◆ PROMPT: Extract each line holding the word "nero" from the entries.

[Opening AVAILABLE DATA section]

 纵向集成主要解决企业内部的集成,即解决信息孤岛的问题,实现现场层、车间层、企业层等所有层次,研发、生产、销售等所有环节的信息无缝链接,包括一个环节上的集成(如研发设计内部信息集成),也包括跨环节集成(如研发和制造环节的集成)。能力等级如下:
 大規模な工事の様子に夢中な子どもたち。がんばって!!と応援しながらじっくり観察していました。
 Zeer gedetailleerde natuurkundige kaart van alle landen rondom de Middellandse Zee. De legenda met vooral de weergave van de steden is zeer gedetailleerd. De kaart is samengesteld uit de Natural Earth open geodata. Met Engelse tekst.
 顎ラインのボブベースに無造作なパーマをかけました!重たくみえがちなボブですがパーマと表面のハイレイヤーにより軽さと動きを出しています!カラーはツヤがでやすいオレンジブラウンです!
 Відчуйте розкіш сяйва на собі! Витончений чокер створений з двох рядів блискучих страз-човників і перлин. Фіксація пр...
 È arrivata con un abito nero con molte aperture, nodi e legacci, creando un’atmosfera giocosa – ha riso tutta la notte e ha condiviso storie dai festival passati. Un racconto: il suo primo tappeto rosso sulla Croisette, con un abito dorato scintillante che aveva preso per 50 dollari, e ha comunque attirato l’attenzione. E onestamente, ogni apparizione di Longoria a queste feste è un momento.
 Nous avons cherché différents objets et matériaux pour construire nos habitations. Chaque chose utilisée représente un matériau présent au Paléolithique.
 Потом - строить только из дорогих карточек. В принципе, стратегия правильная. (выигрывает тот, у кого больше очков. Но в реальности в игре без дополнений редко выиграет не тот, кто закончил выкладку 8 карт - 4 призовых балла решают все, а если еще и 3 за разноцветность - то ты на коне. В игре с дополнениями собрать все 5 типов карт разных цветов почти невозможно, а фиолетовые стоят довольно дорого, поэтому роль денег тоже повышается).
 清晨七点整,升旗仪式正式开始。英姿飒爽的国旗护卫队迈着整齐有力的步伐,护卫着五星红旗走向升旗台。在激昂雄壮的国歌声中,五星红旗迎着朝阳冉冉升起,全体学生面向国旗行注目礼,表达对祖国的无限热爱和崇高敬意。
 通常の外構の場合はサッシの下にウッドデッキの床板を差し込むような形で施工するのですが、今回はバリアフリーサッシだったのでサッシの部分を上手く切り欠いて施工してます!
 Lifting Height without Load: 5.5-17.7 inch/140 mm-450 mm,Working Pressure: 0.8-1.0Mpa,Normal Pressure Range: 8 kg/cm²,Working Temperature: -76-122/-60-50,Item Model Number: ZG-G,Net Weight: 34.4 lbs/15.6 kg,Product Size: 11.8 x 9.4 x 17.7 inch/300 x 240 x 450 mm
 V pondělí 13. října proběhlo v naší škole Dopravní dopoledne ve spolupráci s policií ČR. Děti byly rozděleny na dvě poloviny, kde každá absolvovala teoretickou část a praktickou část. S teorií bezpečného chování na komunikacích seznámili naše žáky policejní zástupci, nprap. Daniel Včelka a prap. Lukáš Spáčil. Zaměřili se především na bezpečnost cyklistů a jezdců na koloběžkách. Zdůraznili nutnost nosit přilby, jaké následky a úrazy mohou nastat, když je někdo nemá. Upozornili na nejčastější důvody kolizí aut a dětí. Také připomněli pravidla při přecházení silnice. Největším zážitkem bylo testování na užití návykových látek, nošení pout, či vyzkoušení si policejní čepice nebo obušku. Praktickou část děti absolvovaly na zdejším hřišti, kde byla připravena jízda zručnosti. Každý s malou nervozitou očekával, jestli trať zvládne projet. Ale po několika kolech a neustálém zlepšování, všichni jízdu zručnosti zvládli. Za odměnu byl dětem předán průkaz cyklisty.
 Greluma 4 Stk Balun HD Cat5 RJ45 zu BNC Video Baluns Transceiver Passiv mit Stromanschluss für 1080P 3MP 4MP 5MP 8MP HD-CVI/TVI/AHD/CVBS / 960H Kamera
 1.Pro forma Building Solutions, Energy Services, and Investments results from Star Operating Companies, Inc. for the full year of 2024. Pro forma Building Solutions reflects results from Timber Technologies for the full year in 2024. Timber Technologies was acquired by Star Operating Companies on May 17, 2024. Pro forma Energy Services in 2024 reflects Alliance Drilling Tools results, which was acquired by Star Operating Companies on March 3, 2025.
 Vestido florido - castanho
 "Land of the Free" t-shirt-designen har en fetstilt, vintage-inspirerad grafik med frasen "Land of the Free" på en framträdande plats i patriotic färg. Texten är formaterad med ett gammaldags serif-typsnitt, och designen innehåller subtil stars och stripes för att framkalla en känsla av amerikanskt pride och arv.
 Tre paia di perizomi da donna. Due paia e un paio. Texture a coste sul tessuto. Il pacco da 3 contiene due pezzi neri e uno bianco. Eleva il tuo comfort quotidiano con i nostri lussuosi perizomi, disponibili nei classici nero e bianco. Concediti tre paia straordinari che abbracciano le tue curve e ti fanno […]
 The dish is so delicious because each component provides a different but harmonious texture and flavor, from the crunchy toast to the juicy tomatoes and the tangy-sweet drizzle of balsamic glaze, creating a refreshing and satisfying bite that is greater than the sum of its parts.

[Closing AVAILABLE DATA section]

◆ ANSWER:
 È arrivata con un abito nero con molte aperture, nodi e legacci, creando un’atmosfera giocosa – ha riso tutta la notte e ha condiviso storie dai festival passati. Un racconto: il suo primo tappeto rosso sulla Croisette, con un abito dorato scintillante che aveva preso per 50 dollari, e ha comunque attirato l’attenzione. E onestamente, ogni apparizione di Longoria a queste feste è un momento.
 Tre paia di perizomi da donna. Due paia e un paio. Texture a coste sul tessuto. Il pacco da 3 contiene due pezzi neri e uno bianco. Eleva il tuo comfort quotidiano con i nostri lussuosi perizomi, disponibili nei classici nero e bianco. Concediti tre paia straordinari che abbracciano le tue curve e ti fanno […]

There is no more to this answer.